Fortunately, we had good guidebooks, common sense, and spring having melted off most of the snow.

Also, Oregon is not a fun place to get stuck in. We stopped on a wide gravel shoulder along a pretty major route north of Bend to take a picture, and our SUV got stuck in the volcanic gravel. No cell reception, and no town for 15 miles. Fortunately, a few friendly passerby were able to drive to a nearby DOT office, and we got towed out.
 
Don't count on map accuracy in a big city either. I've walked with my handheld GPS on every street in my town this year, and on the mapping software, there are at least a half dozen (nonexistent) streets that I missed.

Of course the consequences of a wrong turn here just aren't that great.
 
Mapmakers sometimes put small nonexistant streets in their maps, as a form of copy protection. If another mapmaker copies the map, than the original source can point out the fake streets in the copy.

I assume the software would never actually lead someone down a nonexistant street.
 
I assume the software would never actually lead someone down a nonexistant street.

My work allows us to borrow a GPS for travel. I had never used one so I decided to try it at home before I left. I was heading back into work and set that for my destination. As I got close, I turned into the parking lot which was before the actual building. The GPS issued "recalculating...recalculating" and then told me to make a right to get to a side street to get back to the plant. The issue... the only way to turn right to get to the side street would require driving up a 20' embankment and driving through someone's backyard. There is no street (and has not been one for the 30 years I've been there) to exit the way the GPS directed me.

So the GPS will try to send you on nonexisted streets.

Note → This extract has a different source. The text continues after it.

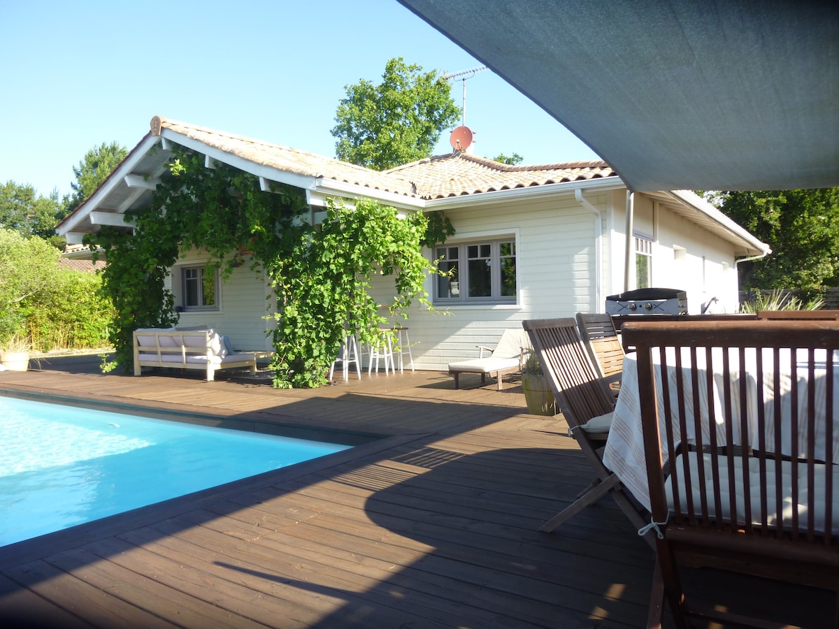 10人用の建築家のヴィラ、エアコン完備。近所の商店やアルカション湾のビーチ(グランピケイ村)から徒歩5分以内の場所にあります。 海岸へは車で5分 (キャップフェレットの中心部から15分) 5月15日から9月15日まで、気候条件や悪天候に応じて加熱される15mの温水プール(この期間の前後は、冬眠および/またはカバーされます) 緑の本当のココン

I learned then to take the directions with a grain of salt.
 
The Air Force says it wasn't THEIR fault.....

Air Force said:
We believe it was caused by the Navy.. or the Army... maybe the Marines... possibly the Coast Guard....

:neener:
 
Of course the consequences of a wrong turn here just aren't that great.
Wonder if, in Chicago, the GPS navigators are smart enough to know that left turns aren't allowed, that they need to instruct the drivers to go one block past and make three rights :D
 
In downtown Milwaukee?!?!?!? :)

Yeah, well, I see people turn down nonexistent streets here all the time. You just have to dodge them.

texas-bill said:
Wonder if, in Chicago, the GPS navigators are smart enough to know that left turns aren't allowed, that they need to instruct the drivers to go one block past and make three rights

If the navigators are that smart, then they're smarter than the drivers.